* [SUPPLIED MATERIAL]
*** Block opens ***
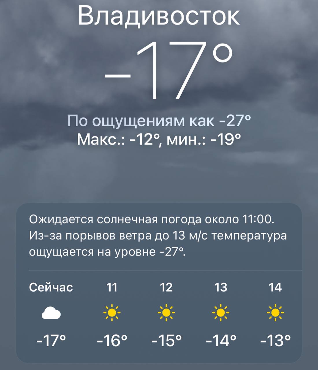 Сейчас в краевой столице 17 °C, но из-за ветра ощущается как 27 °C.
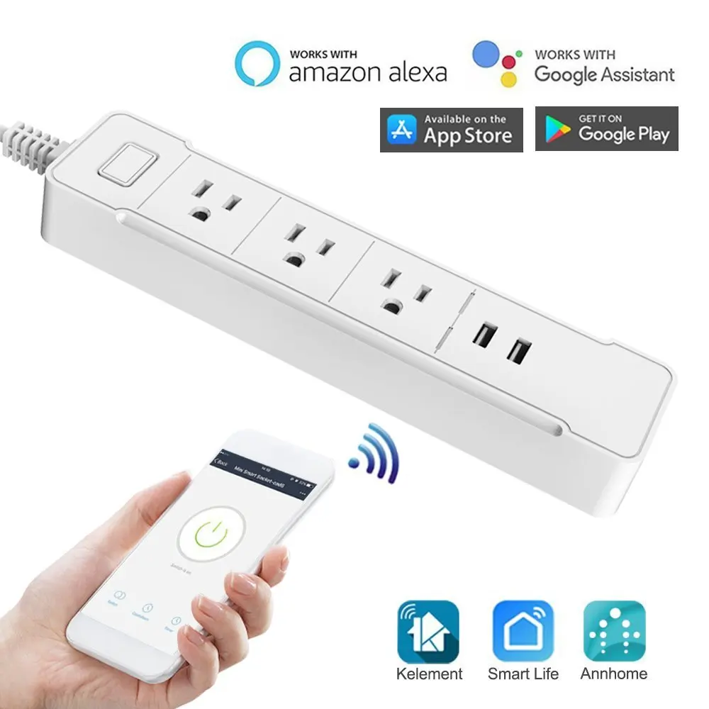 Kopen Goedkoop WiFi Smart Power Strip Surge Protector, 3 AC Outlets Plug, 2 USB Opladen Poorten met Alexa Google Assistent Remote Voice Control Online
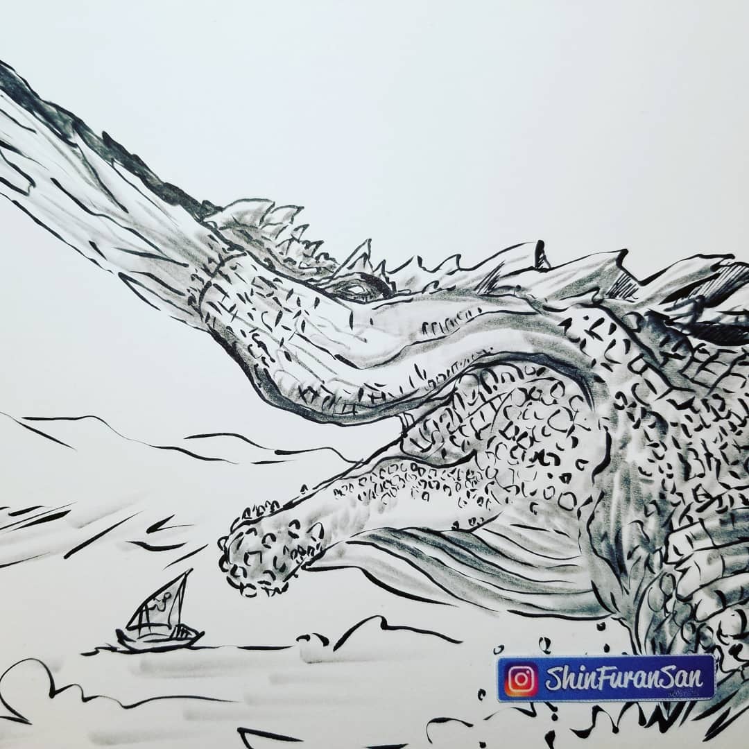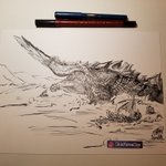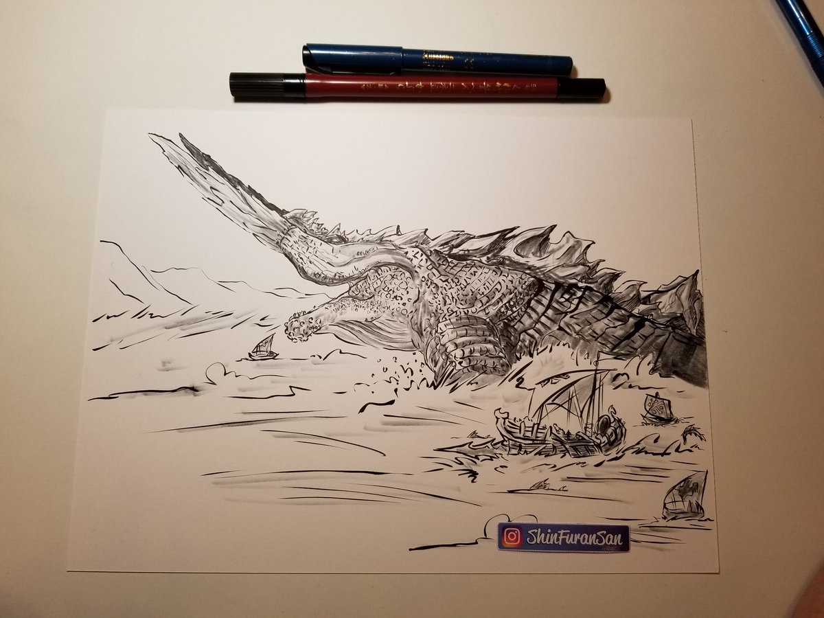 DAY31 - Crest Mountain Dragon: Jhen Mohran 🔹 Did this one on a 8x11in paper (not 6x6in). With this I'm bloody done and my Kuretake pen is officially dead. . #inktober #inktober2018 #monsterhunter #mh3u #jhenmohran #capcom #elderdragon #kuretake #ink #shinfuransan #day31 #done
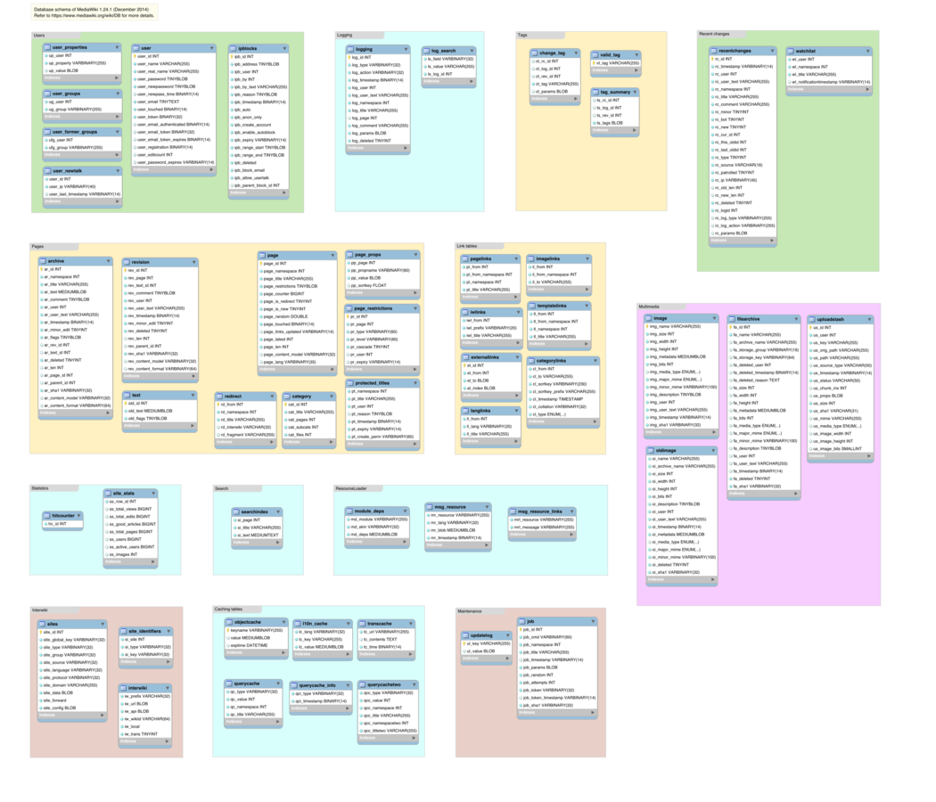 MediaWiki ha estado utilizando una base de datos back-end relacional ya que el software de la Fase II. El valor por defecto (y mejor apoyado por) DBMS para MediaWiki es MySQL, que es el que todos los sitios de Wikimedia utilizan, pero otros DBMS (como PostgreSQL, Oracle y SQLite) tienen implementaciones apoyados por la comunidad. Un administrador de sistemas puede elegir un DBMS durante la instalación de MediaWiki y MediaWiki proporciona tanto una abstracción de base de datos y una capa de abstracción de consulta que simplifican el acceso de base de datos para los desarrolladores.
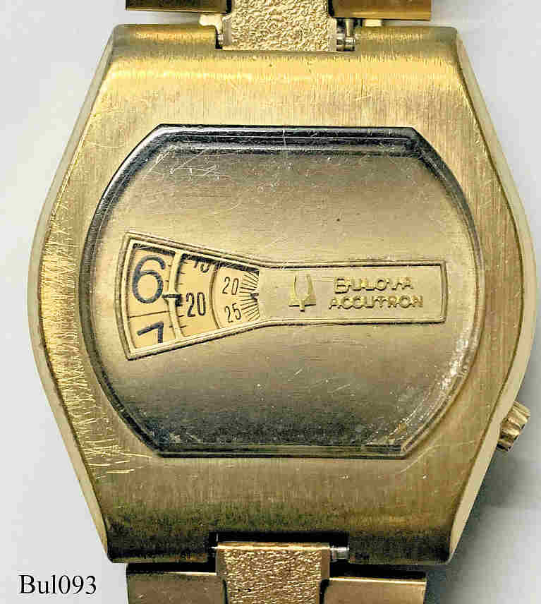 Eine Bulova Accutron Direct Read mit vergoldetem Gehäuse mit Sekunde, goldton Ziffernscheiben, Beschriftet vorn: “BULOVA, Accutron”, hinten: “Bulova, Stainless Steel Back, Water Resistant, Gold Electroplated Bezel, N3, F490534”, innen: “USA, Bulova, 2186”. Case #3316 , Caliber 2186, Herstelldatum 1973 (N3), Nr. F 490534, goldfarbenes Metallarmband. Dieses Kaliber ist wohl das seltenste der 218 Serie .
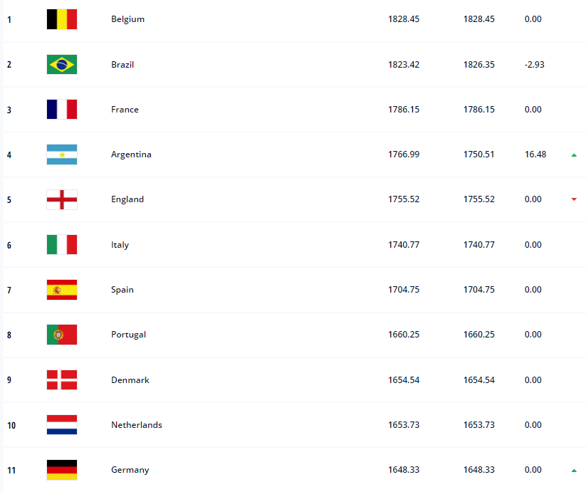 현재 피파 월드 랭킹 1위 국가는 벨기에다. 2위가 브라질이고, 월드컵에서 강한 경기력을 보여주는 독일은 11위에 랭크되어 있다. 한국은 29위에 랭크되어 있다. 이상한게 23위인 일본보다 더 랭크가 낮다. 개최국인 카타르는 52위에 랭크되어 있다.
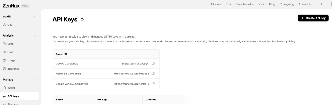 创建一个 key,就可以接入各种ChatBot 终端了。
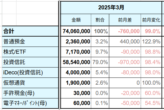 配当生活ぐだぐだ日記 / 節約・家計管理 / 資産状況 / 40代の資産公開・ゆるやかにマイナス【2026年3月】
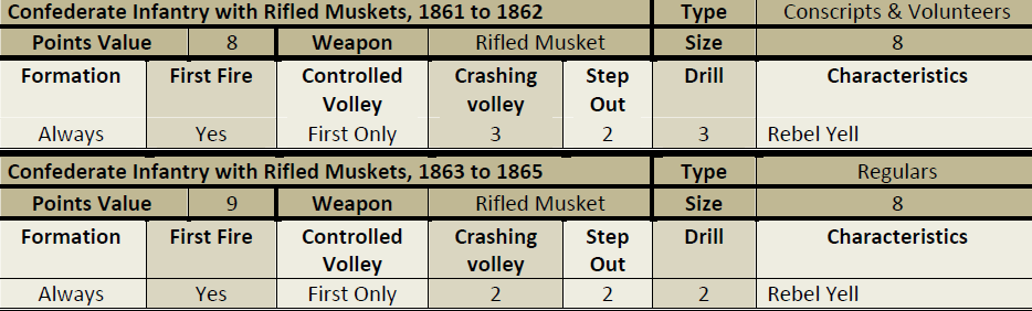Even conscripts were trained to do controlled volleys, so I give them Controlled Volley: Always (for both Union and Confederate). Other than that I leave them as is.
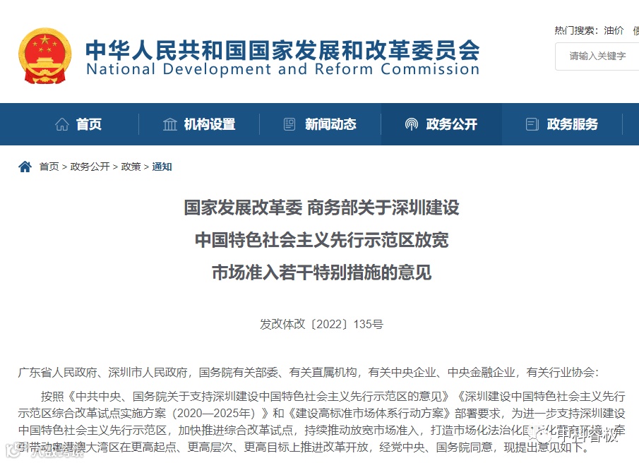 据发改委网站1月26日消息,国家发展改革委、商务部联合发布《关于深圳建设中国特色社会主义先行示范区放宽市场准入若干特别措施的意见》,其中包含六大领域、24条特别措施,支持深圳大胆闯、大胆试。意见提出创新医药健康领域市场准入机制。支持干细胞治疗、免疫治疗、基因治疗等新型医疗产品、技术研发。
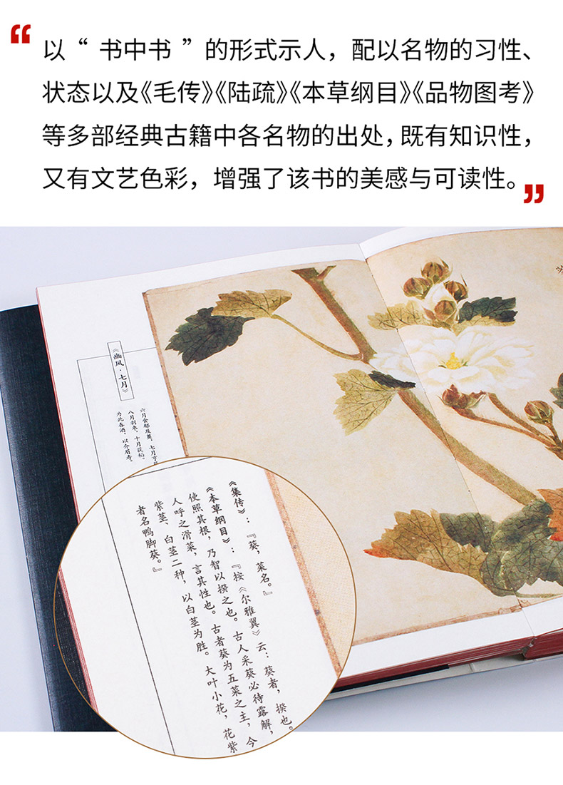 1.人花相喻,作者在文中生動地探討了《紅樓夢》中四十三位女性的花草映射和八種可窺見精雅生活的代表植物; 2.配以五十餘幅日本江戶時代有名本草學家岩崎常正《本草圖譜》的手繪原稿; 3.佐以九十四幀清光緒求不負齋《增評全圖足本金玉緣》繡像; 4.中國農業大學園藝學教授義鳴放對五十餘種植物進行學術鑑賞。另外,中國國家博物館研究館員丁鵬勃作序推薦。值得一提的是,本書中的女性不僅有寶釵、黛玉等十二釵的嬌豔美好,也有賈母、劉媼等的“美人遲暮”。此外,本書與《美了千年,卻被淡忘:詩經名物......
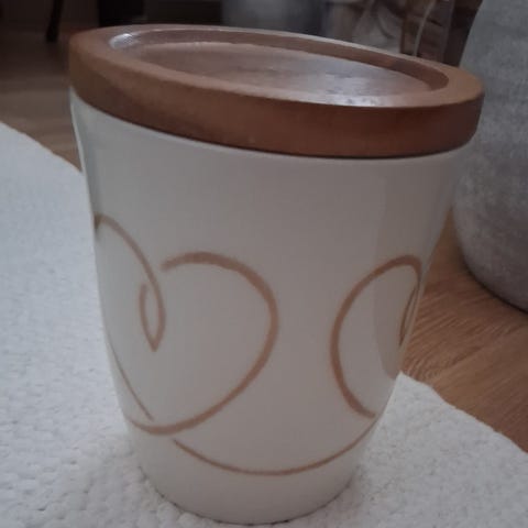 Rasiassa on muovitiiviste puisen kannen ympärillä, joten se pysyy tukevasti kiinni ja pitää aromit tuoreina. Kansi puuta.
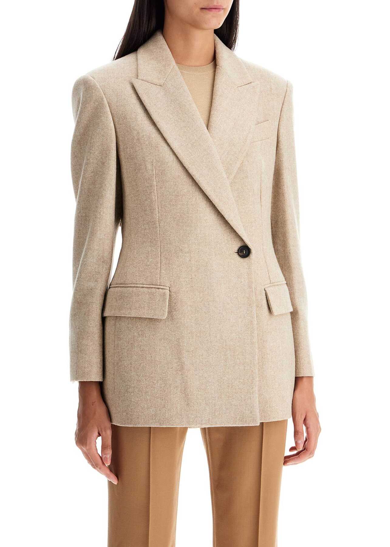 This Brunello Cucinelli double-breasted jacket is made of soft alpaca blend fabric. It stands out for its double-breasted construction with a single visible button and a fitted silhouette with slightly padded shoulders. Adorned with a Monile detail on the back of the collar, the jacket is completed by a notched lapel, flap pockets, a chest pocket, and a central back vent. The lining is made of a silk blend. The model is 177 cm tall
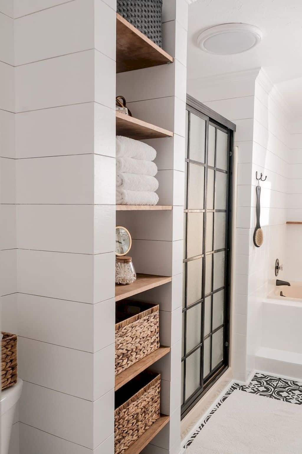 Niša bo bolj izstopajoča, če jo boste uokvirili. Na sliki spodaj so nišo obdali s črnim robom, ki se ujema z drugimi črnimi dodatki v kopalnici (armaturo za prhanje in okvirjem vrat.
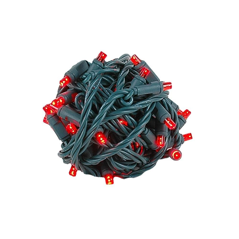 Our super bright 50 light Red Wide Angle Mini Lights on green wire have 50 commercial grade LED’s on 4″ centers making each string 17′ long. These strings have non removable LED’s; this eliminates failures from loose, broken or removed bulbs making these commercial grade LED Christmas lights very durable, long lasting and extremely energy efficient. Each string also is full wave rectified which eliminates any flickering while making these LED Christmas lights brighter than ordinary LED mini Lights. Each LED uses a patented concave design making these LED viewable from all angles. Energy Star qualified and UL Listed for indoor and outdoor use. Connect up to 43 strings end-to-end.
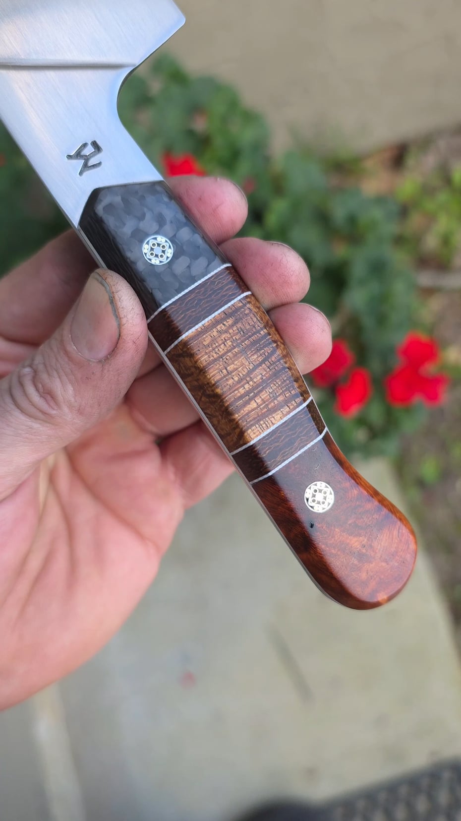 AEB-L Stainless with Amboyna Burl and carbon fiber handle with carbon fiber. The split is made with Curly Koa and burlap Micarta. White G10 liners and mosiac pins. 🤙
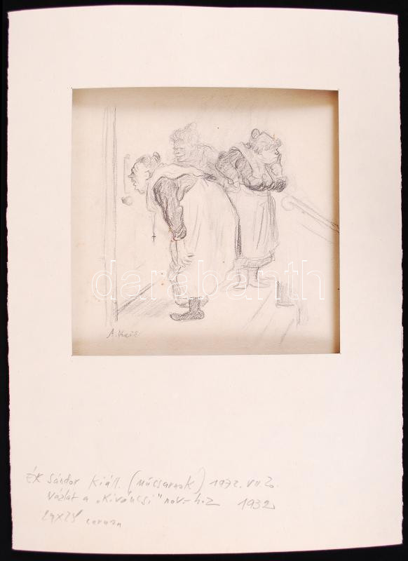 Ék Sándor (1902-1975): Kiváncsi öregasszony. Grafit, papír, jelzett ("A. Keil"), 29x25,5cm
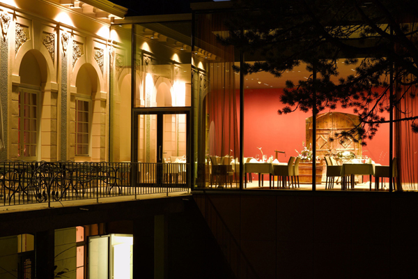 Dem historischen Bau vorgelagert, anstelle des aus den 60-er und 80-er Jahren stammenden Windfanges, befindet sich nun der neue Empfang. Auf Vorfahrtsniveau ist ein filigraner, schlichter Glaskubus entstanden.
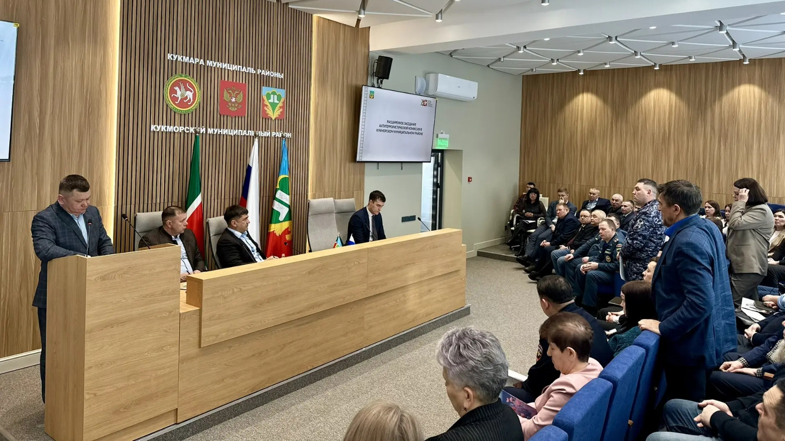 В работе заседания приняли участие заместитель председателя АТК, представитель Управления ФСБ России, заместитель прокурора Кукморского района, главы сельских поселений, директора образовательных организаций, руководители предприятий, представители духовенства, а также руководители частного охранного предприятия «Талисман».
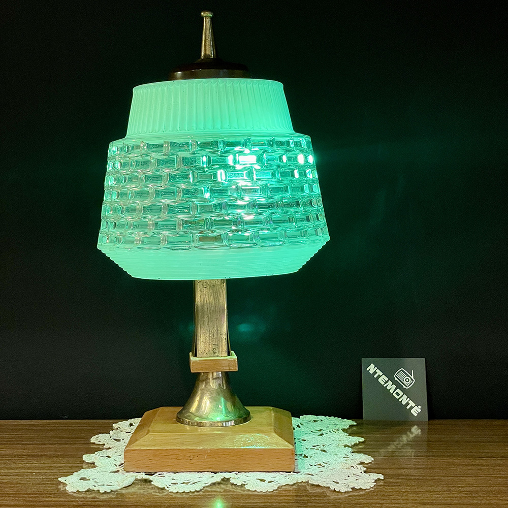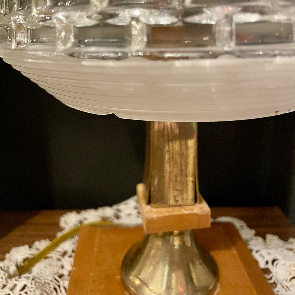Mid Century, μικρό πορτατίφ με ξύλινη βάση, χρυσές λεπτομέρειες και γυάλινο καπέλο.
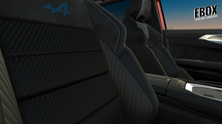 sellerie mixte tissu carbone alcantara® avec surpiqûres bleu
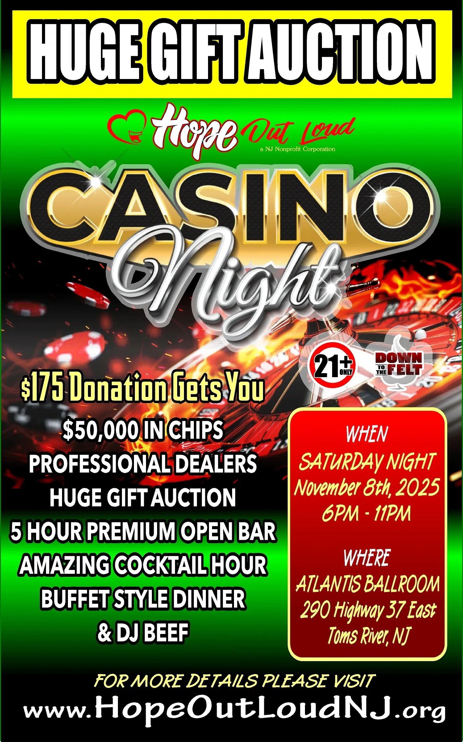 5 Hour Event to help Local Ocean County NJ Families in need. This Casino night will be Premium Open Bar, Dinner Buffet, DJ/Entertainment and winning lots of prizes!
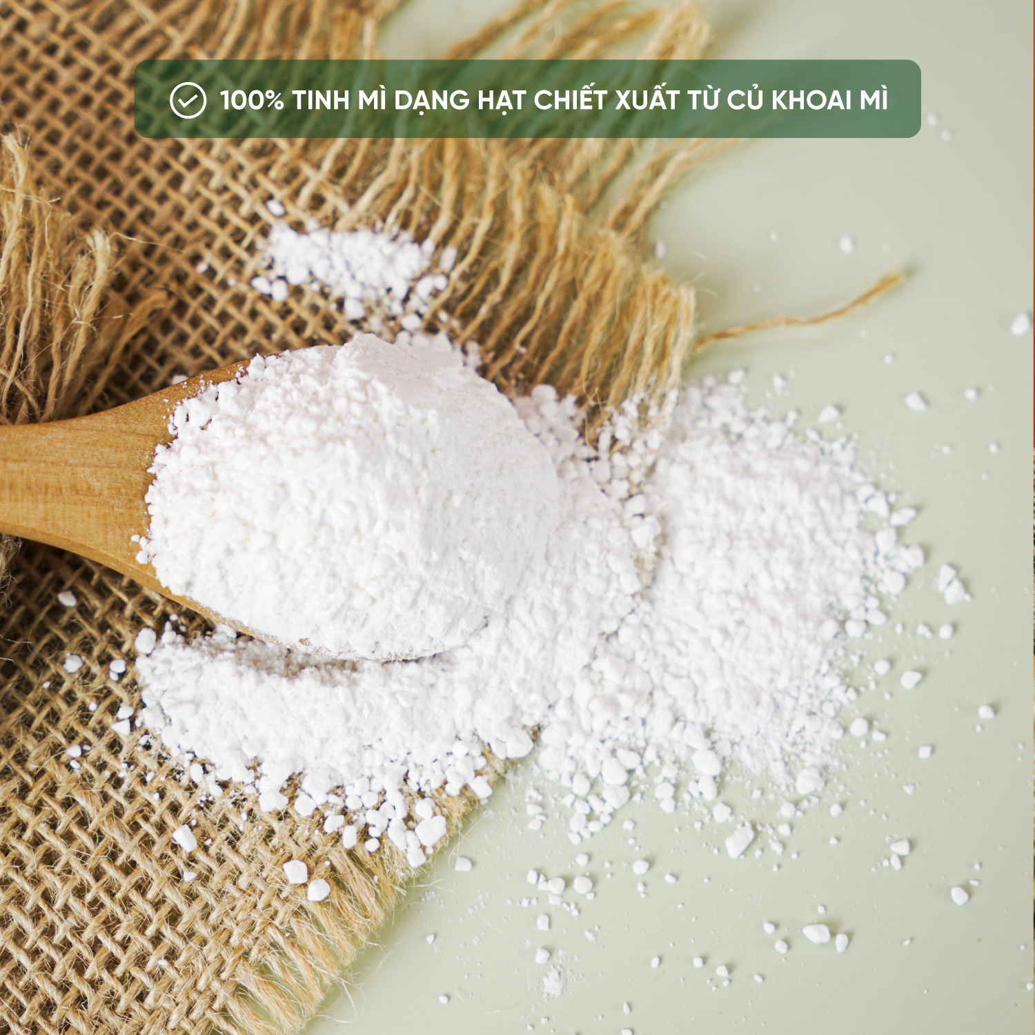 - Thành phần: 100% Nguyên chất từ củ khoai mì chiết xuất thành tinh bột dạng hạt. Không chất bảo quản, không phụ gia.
*** Block closes ***
* [REQUIRED WORK] The result should be an exact copy of only the lines above from the one that holds "Even conscripts were" through the one that holds "This Brunello Cucinelli", both ends included, without pictures.

* [TASK RESULT]
Even conscripts were trained to do controlled volleys, so I give them Controlled Volley: Always (for both Union and Confederate). Other than that I leave them as is.
 据发改委网站1月26日消息,国家发展改革委、商务部联合发布《关于深圳建设中国特色社会主义先行示范区放宽市场准入若干特别措施的意见》,其中包含六大领域、24条特别措施,支持深圳大胆闯、大胆试。意见提出创新医药健康领域市场准入机制。支持干细胞治疗、免疫治疗、基因治疗等新型医疗产品、技术研发。
 1.人花相喻,作者在文中生動地探討了《紅樓夢》中四十三位女性的花草映射和八種可窺見精雅生活的代表植物; 2.配以五十餘幅日本江戶時代有名本草學家岩崎常正《本草圖譜》的手繪原稿; 3.佐以九十四幀清光緒求不負齋《增評全圖足本金玉緣》繡像; 4.中國農業大學園藝學教授義鳴放對五十餘種植物進行學術鑑賞。另外,中國國家博物館研究館員丁鵬勃作序推薦。值得一提的是,本書中的女性不僅有寶釵、黛玉等十二釵的嬌豔美好,也有賈母、劉媼等的“美人遲暮”。此外,本書與《美了千年,卻被淡忘:詩經名物......
 Rasiassa on muovitiiviste puisen kannen ympärillä, joten se pysyy tukevasti kiinni ja pitää aromit tuoreina. Kansi puuta.
 This Brunello Cucinelli double-breasted jacket is made of soft alpaca blend fabric. It stands out for its double-breasted construction with a single visible button and a fitted silhouette with slightly padded shoulders. Adorned with a Monile detail on the back of the collar, the jacket is completed by a notched lapel, flap pockets, a chest pocket, and a central back vent. The lining is made of a silk blend. The model is 177 cm tall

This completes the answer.